Ten miles south, visitors can explore the "largest shipwreck fleet in the Western Hemisphere," Mallows Bay Park, which consists of graves of more than 230 ships sunk in the river. Many are steamships from World War I and were subsequently scuttled in the bay. A .8-mile trail loops around the salvage basin, which also has a boat ramp and pier for recreational use.
A few miles down the Potomac at Wades Bay, birding and wildlife enthusiasts find plenty to raise their binoculars to at Purse State Park, where people also enjoy hunting and searching for fossils. Those interested in birding also may flock directly eastward from there to Nanjemoy Creek Great Blue Heron Sanctuary, where herons come each winter to mate and raise their young. The chicks hatch in April, and by July the birds are all over the Potomac and Chesapeake Bay.
Besides being near or getting out on the water, people here enjoy a large, growing network of parks and trails. Among them is the new Indian Head Rail Trail, a 13-mile bike trail converted from a railroad corridor deeded to the county through the National Park Service's Federal Lands to Parks Program. Originally built in 1918 as a supply route for the Navy's Indian Head Powder Factory, the trail runs halfway across the county, connecting the town of Indian Head to Route 301 in White Plains.

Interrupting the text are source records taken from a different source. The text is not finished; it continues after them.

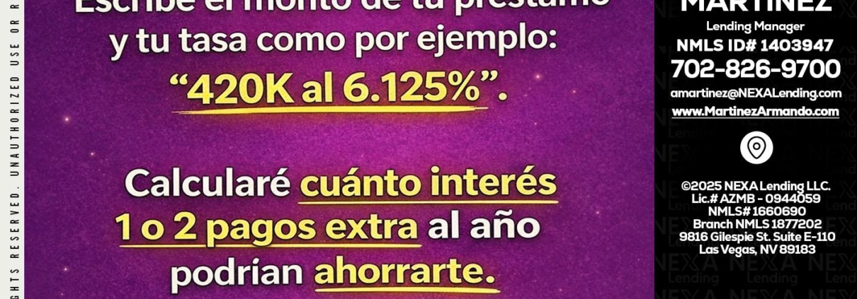 Hi, my name is Armando Martinez. I’m a Loan Officer with NEXA Lending LLC., offering personalized mortgage solutions, fast customized quotes, great rates and service with integrity.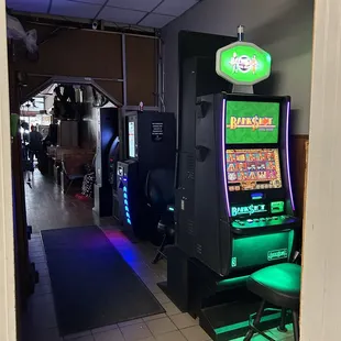 a man and a woman playing a slot machine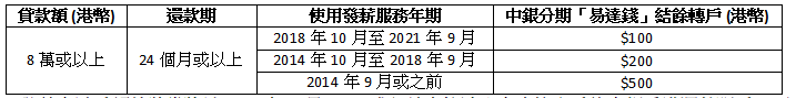 於推廣期內申請中銀分期「易達錢」結餘轉戶,而成功貸款額達港幣8萬或以上,及還款期達24個月或以上; 及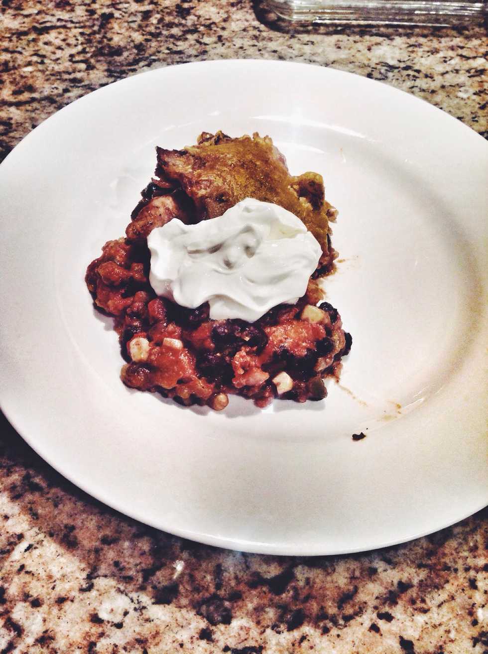 Line the bottom of your casserole dish with chunky crushed tortilla chips. I opted for wheat ones!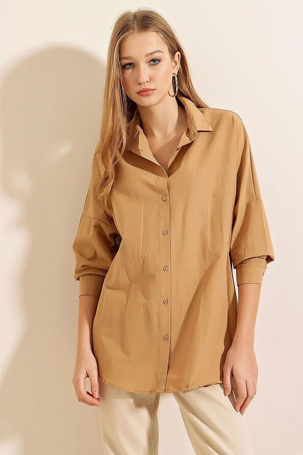 - نام : Kadın Camel Sade Düz Araboy Basic Oversize Gömlek

On the eastern side of the county, walkers and joggers take to Gilbert Run Park's 2.5-mile nature trail that runs along the 69-acre Wheatley Lake in Charlotte Hall. The park offers a self-guided nature walk, fishing pavilions, many boardwalks and bridges, and even a beaver colony observation deck.

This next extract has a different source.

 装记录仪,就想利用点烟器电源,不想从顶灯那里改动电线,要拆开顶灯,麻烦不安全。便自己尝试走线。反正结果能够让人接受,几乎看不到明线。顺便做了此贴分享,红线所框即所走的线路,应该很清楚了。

Charles County's tobacco farming heritage runs deep, and many of those long-time family farms have become destinations for family fun - yet another reason to spend time outdoors enjoying the area's rich natural resources.
One popular spot is Middleton’s Cedar Hill Farm, owned by state Senator Thomas “Mac” Middleton and his family. According to Middleton, legacy farming, such as that done by the county’s Amish community and other traditional farmers, coupled with the conversion of some properties to agritourism, creates an economic development one-two punch for Charles County.
“On any given weekend we’ll have more than 50 percent of our visitors from outside the area,” Middleton says. “We have a strong, agrarian tradition here, and I see it continuing to survive and thrive in many different ways.”